Cerita Eddy, sebenarnya sejalan dengan pengalaman saya berbincang dengan Karman, pemilik Mie Ayam Om Karman yang cukup terkenal di Bantul. Pemiliknya berasal dari Wonogiri. Namun, cita rasa mienya begitu khas Jogja. Kuahnya coklat kehitaman dengan dominasi rasa manis.
Saat saya tanyai, ia mengakui bahwa ingin buat mie ayam dengan cita rasa manis agar sesuai dengan lidah orang Jogja.
“Kalau saya ngikutin selera Wonogiri ya harusnya dominan gurihnya. Tapi kan saya di sini (Yogyakarta), jadi nyesuaikan tempat juga. Saya tambahkan lada dan jahe agar manisnya pas dan agak pedas sedikit rasanya,” jelas bapak tiga anak tersebut.
#3 Warna gerobak tidak jadi penetu
Selanjutnya, warna gerobak juga tidak bisa jadi patokan soal ciri khas pedagang dari Wonogiri. Sebab, di kota ini saja para pedagang menggunakan beragam warna gerobak. Ada yang biru, coklat, hingga hijau.
Sebenarnya, hal itu kembali ke selera masing-masing pedagang. Namun, pemilihan warna juga terkadang dilandasi alasan fungsional. Warna biru atau coklat misalnya, cenderung tidak mudah kotor sehingga biasa digunakan pedagang keliling.
#4 Mie ayam sering jadi sekadar pelengkap bakso
Saya juga sempat berbincang dengan Kasno (42), warga Desa Bubakan, Wonogiri. Sebuah desa yang sempat viral karena rumah gedongan milik para perantau.
Ia bercerita bahwa para warga desa memang banyak yang sukses merantau. Namun, awalnya memang dari jualan bakso, bukan mie ayam. Menu mie ayam jadi pelengkap atau pendamping. Bakso lah yang jadi menu utama.
#5 Pedagang yang turun temurun
Selanjutnya, memang ada cara paling mudah untuk menandakan warung milik perantau Wonogiri. Biasanya memang warung tersebut ada embel-embel “Wonogiri” di namanya.
Namun, selain itu cara termudah adalah bertanya langsung ke pembelinya. Mengingat, mie ayam Wonogiri memang begitu kaya cita rasanya. Di setiap daerah, ada penyesuaian dengan selera warga setempat.

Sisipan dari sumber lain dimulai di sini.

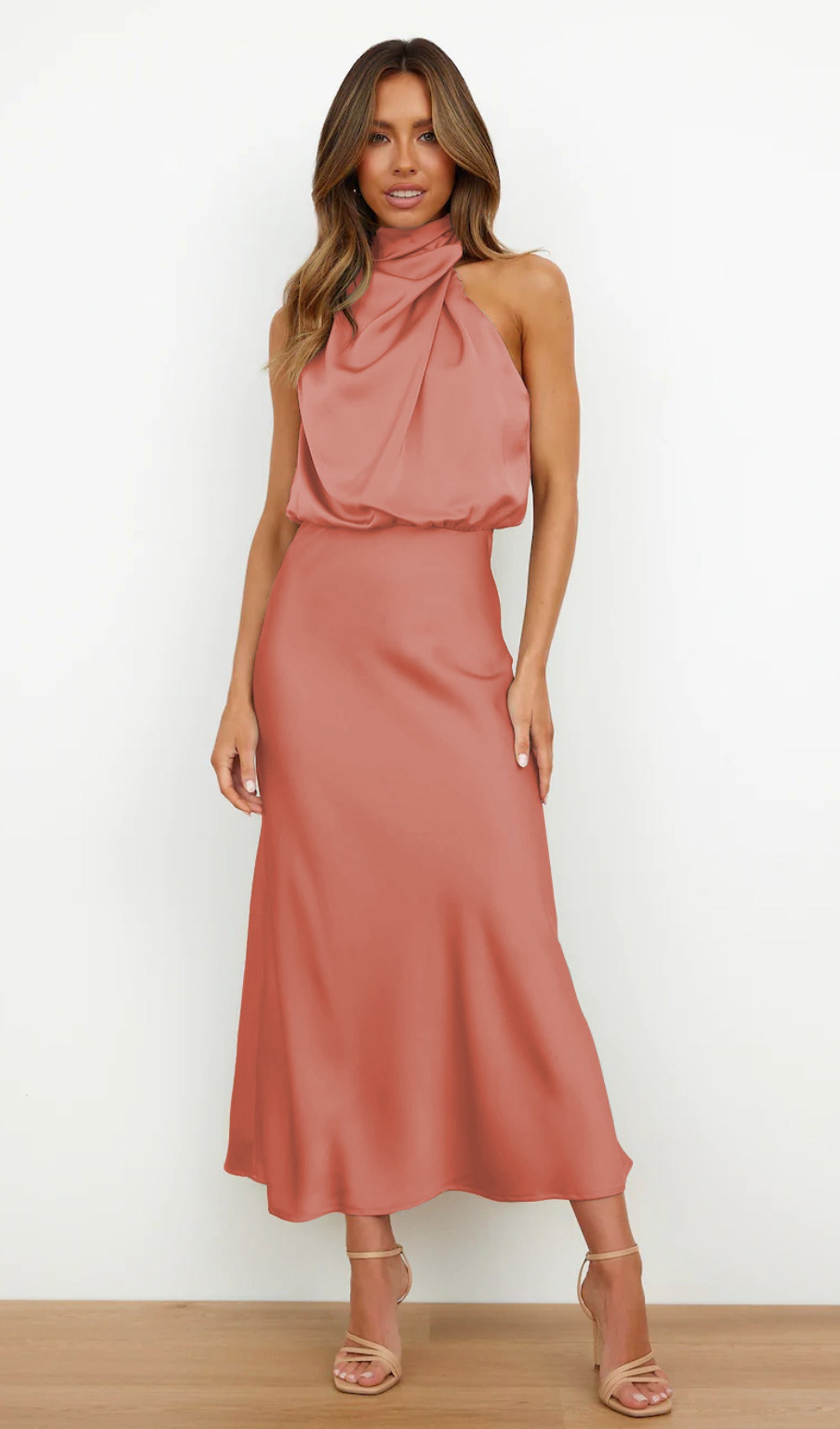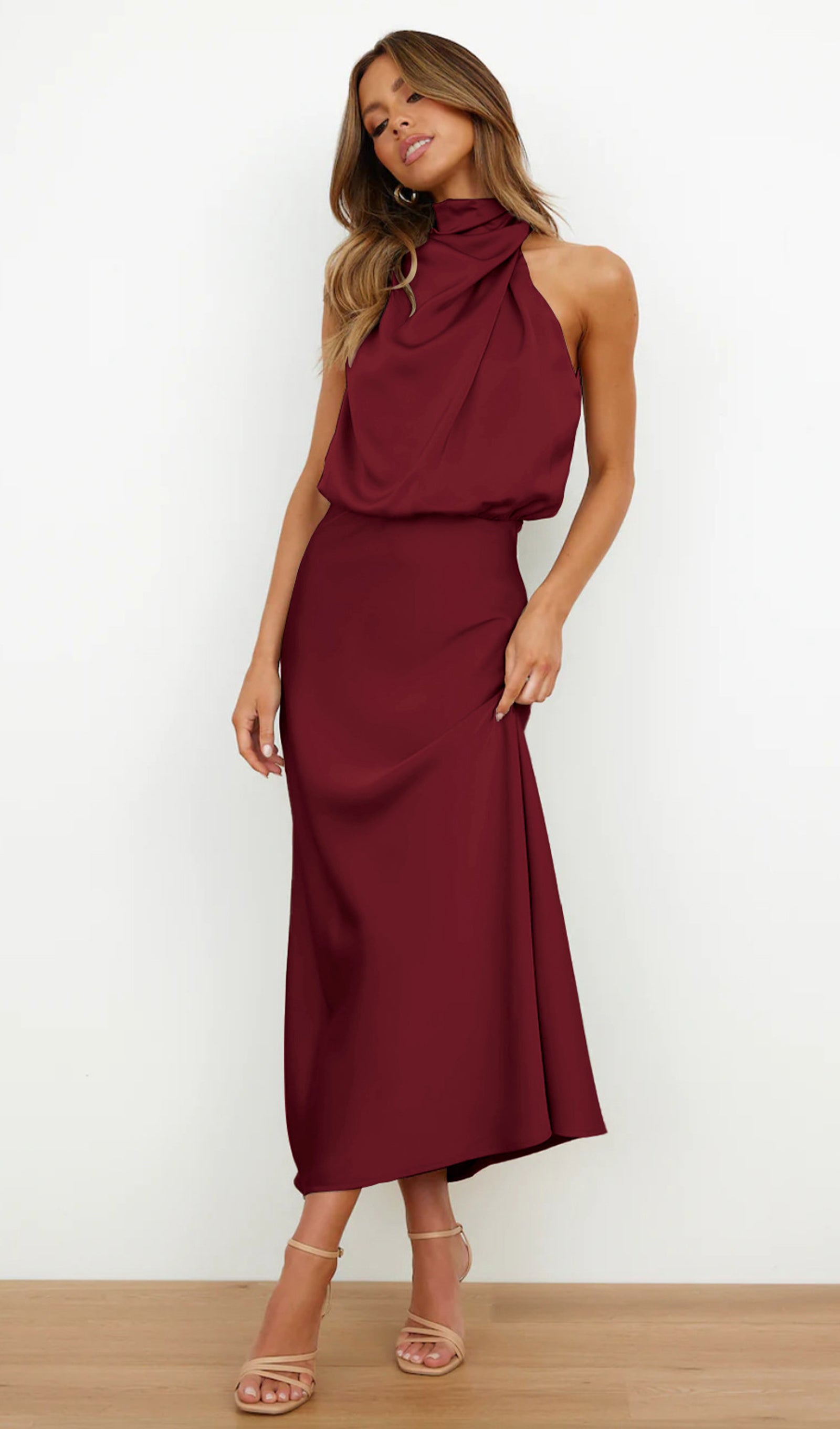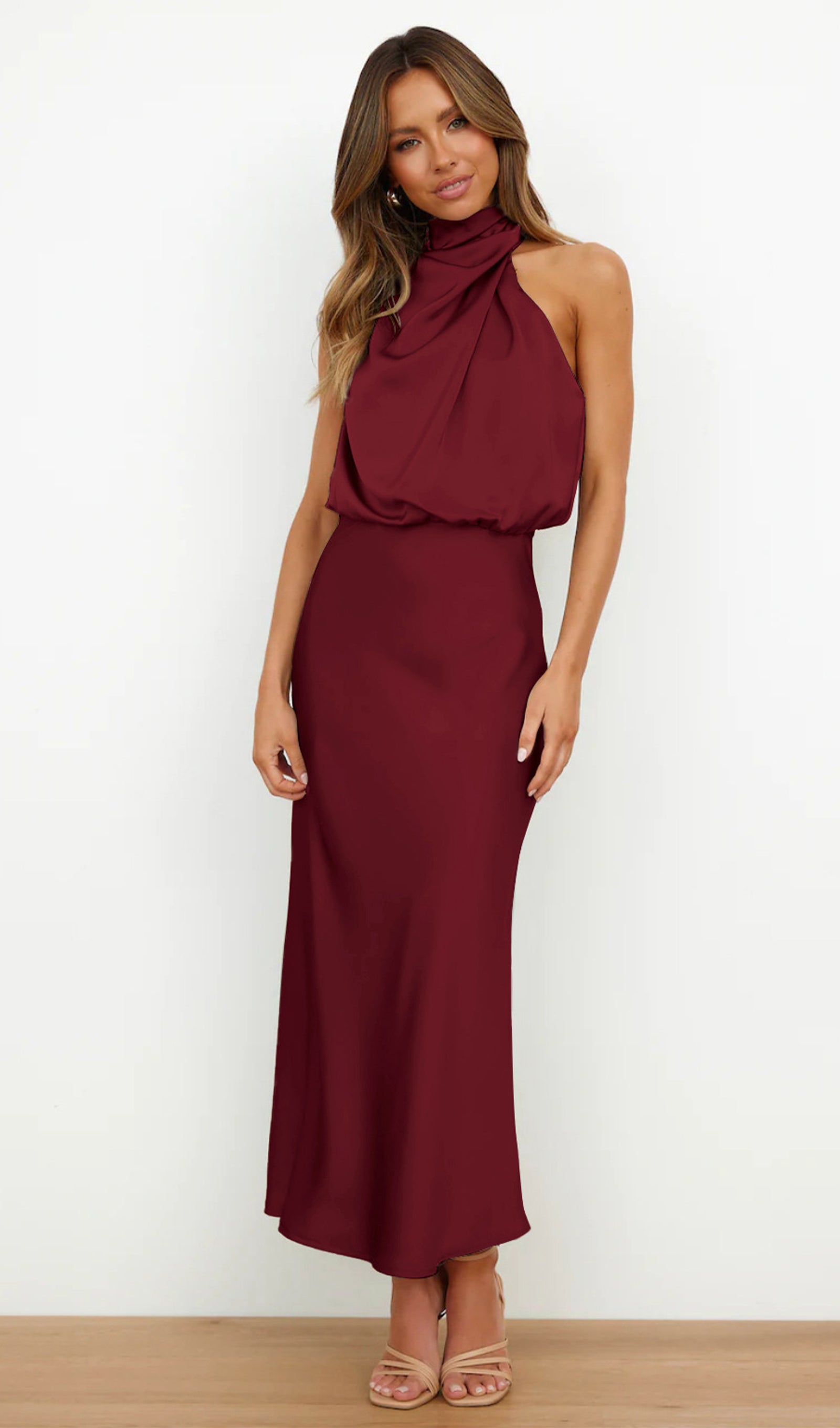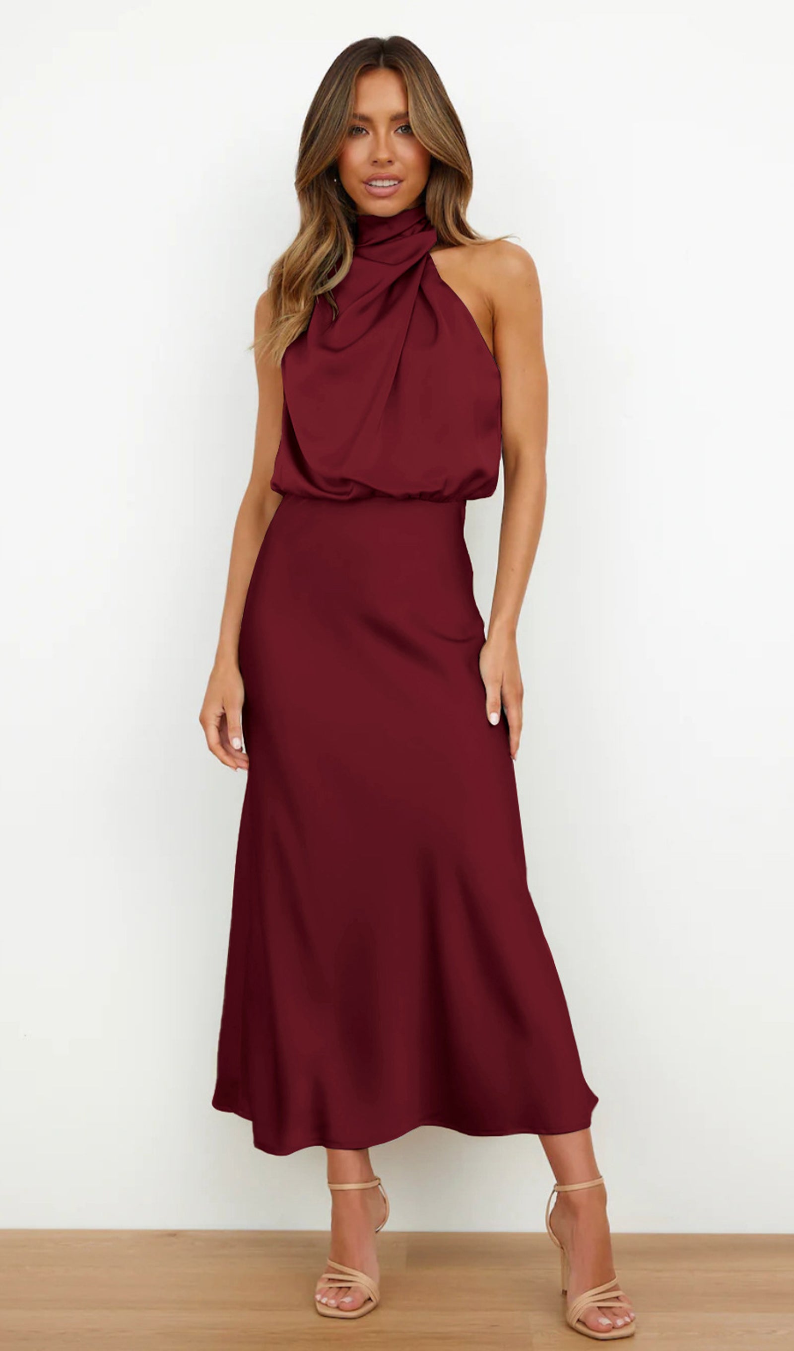 Halter Neck Spaghetti Strap Backless Chiffon Dress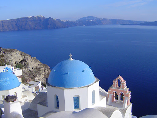 | The island of Santorini is known for its Cycladic blue-domed churches and breathtaking views. For the best views, get a room on the caldera, when you go. Photo by Charish Badzinski. |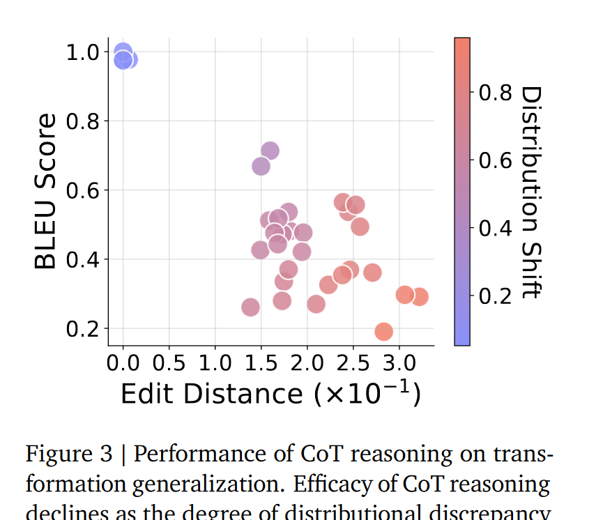 CoT依赖训练分布:仅在与训练数据分布一致或接近时有效,轻微偏离(如新变换、长度变化)就会导致性能骤降,暴露其“表面推理”本质;
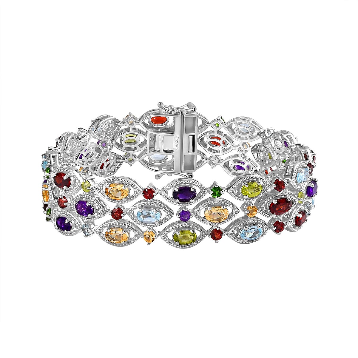 Multi Gemstone 3 Row Bracelet in Platinum Over Sterling Silver (8.00 In) 23.30 ctw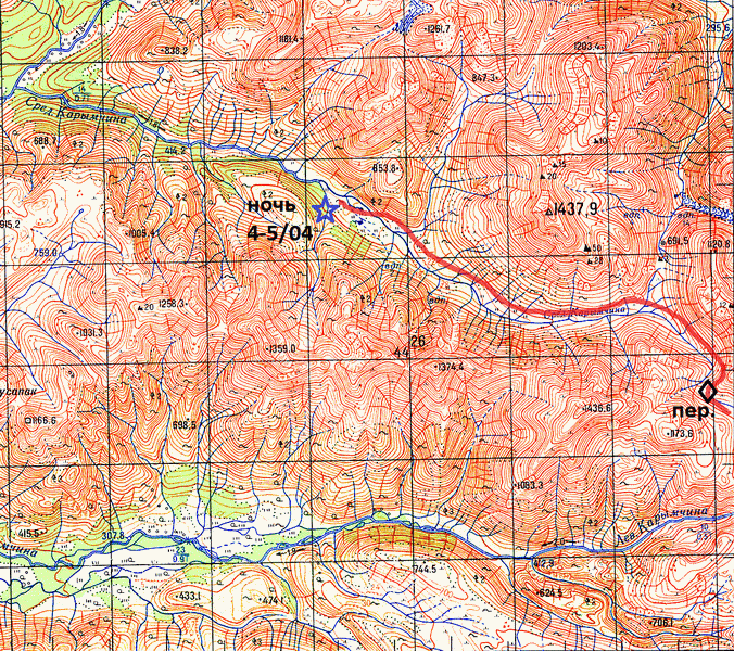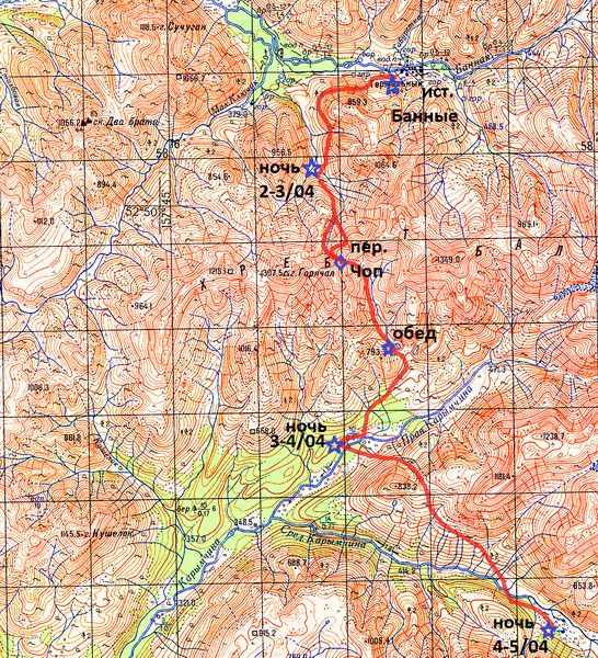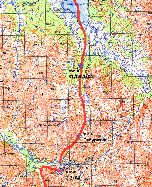 1/04 (пн) 2-ой день Перевал Табуретка – р. Банная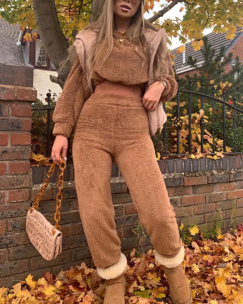 Style:Chic Type:Sweatpants Sets,Sweatshirt Sets Material:Polyester Neckline:Round Neck Sleeve Style:Long Sleeve Length:Long Pattern Type:Plain Fit Type:Regular Occasion:Daily Package Include:Pants Sets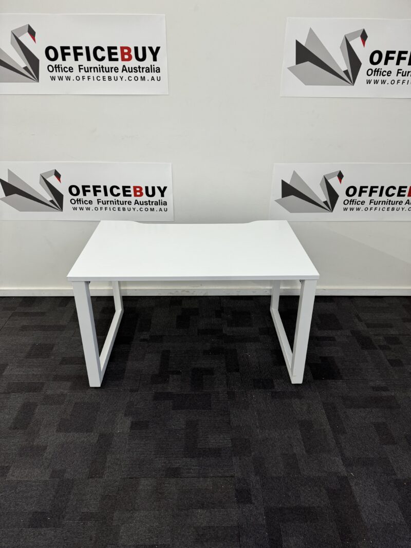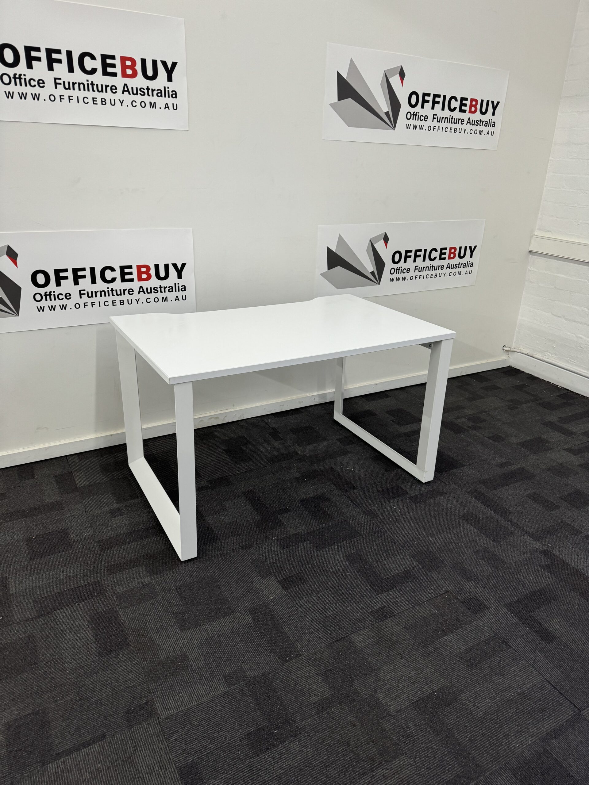 Straight Desk-White Top with White Square Legs-1200mm x 750mm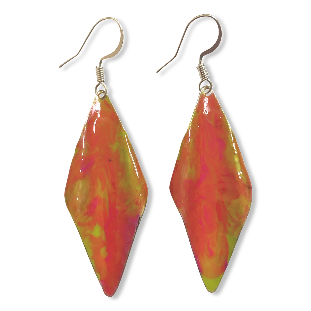 These hand painted yellow Orange marbleized wavy earrings are from our signature collection of Lures of Love Earrings.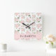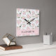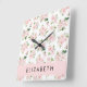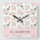Relógio Quadrado Flores, Rosas, Flores De Aquarela, Seu Nome

Satu hal yang jelas. Menurut Kasno, kesuksesanan seorang perantau biasanya memantik perantau lain untuk turut berdagang bakso dan mie ayam di luar kota. “Siklusnya dari dulu misal ada satu orang, yang merantau ke Jakarta dan berhasil di sana, setelah pulang dia ngajak keluarga atau saudara,” pungkasnya.